• **WHAT TO DO**:
Without including any pictures, reproduce all the lines below word for word.

EXERCISE DATA Start Marker

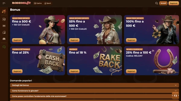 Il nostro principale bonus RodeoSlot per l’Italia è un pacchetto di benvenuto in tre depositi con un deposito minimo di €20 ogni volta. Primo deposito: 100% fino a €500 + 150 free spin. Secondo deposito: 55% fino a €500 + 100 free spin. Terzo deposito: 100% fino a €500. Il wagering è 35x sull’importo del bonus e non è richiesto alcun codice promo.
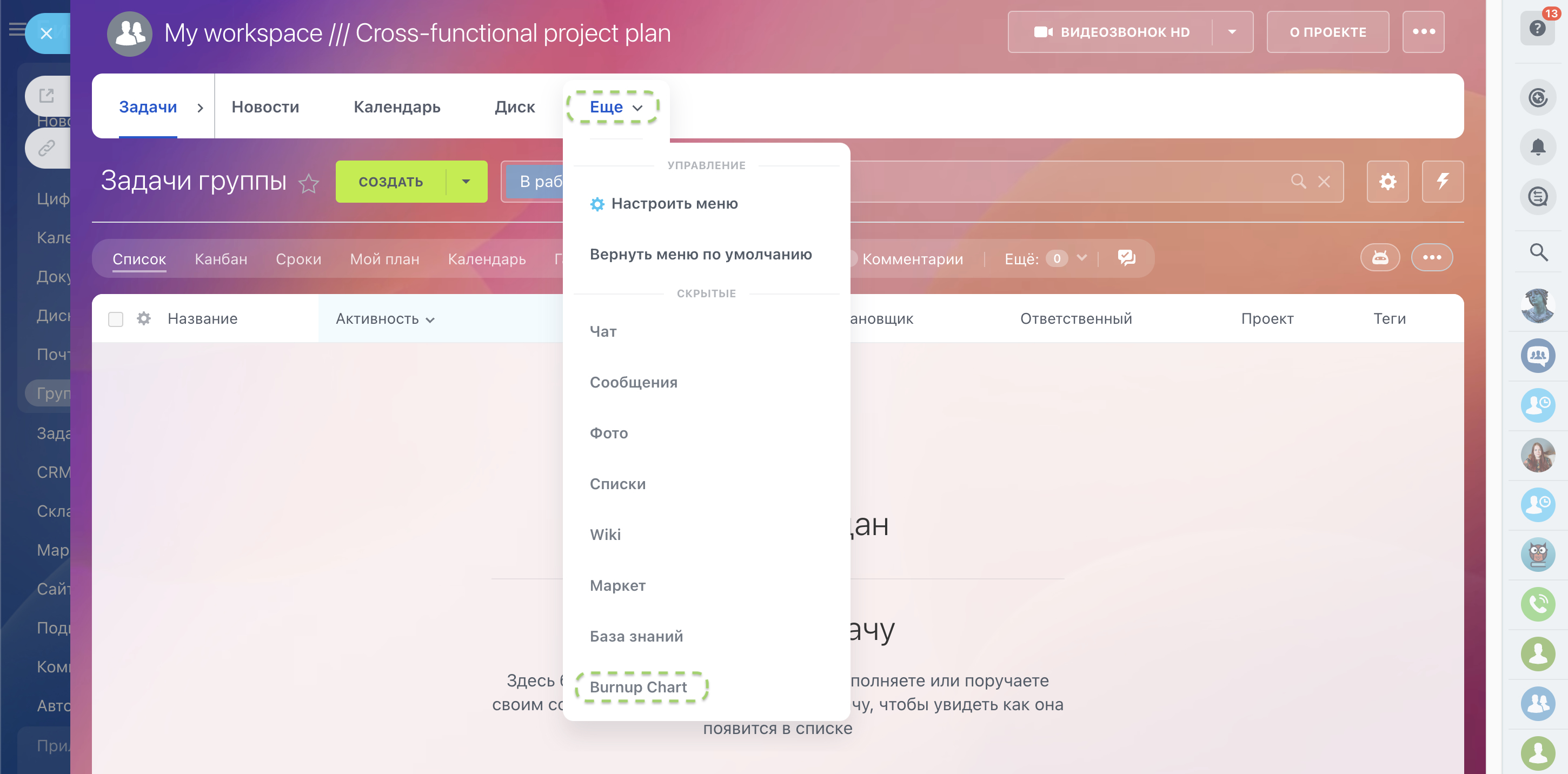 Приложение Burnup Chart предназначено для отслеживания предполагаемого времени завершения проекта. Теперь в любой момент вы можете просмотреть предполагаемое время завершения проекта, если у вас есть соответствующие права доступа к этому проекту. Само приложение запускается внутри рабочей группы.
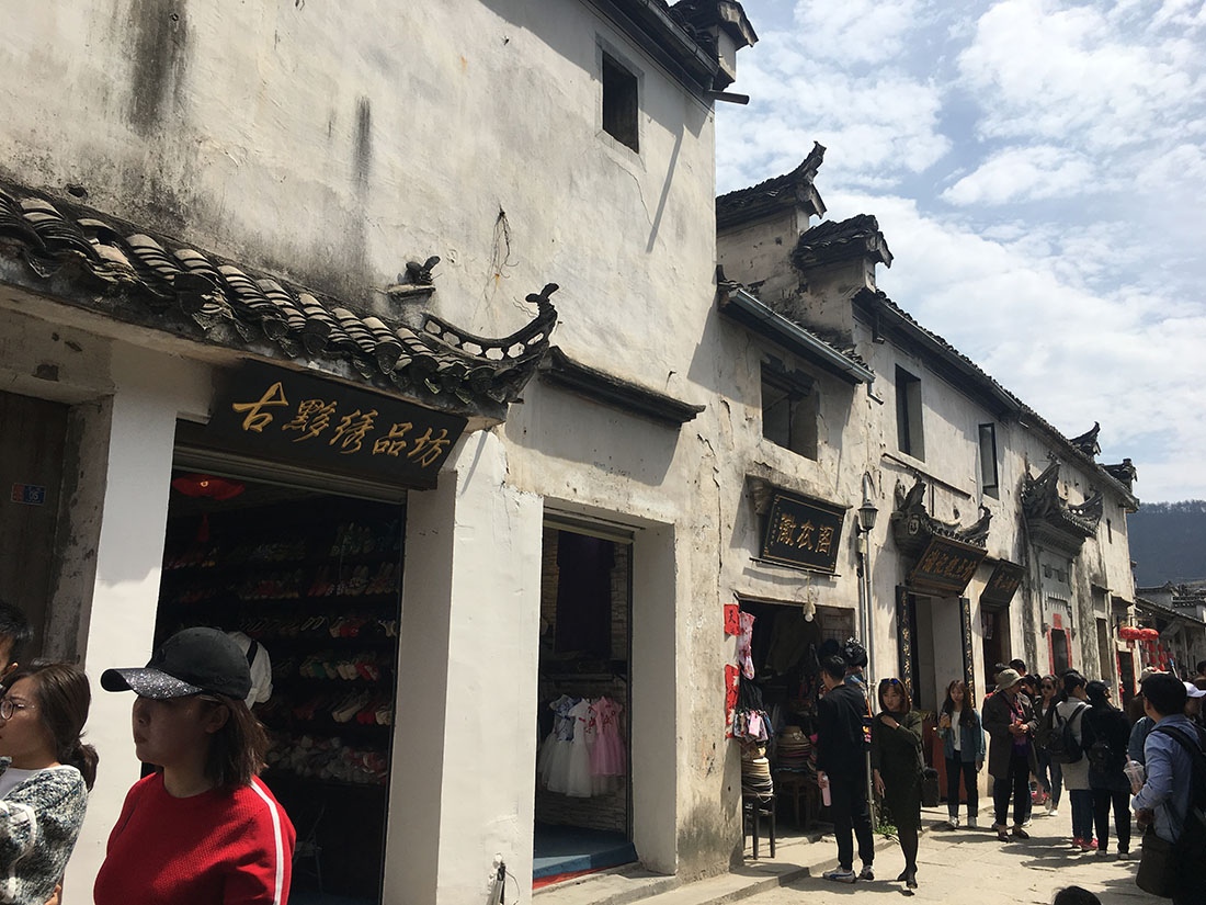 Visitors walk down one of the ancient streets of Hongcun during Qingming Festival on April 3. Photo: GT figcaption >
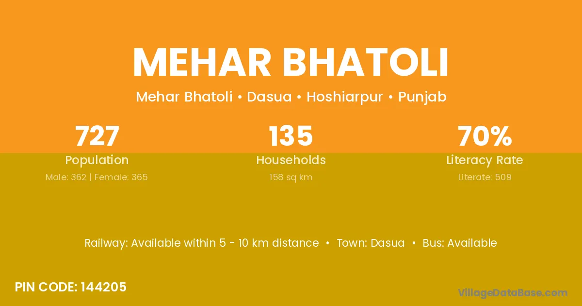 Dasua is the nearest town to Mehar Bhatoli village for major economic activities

EXERCISE DATA End Marker

• **ANSWER BELOW**:
 Il nostro principale bonus RodeoSlot per l’Italia è un pacchetto di benvenuto in tre depositi con un deposito minimo di €20 ogni volta. Primo deposito: 100% fino a €500 + 150 free spin. Secondo deposito: 55% fino a €500 + 100 free spin. Terzo deposito: 100% fino a €500. Il wagering è 35x sull’importo del bonus e non è richiesto alcun codice promo.
 Приложение Burnup Chart предназначено для отслеживания предполагаемого времени завершения проекта. Теперь в любой момент вы можете просмотреть предполагаемое время завершения проекта, если у вас есть соответствующие права доступа к этому проекту. Само приложение запускается внутри рабочей группы.
 Visitors walk down one of the ancient streets of Hongcun during Qingming Festival on April 3. Photo: GT figcaption >
 Dasua is the nearest town to Mehar Bhatoli village for major economic activities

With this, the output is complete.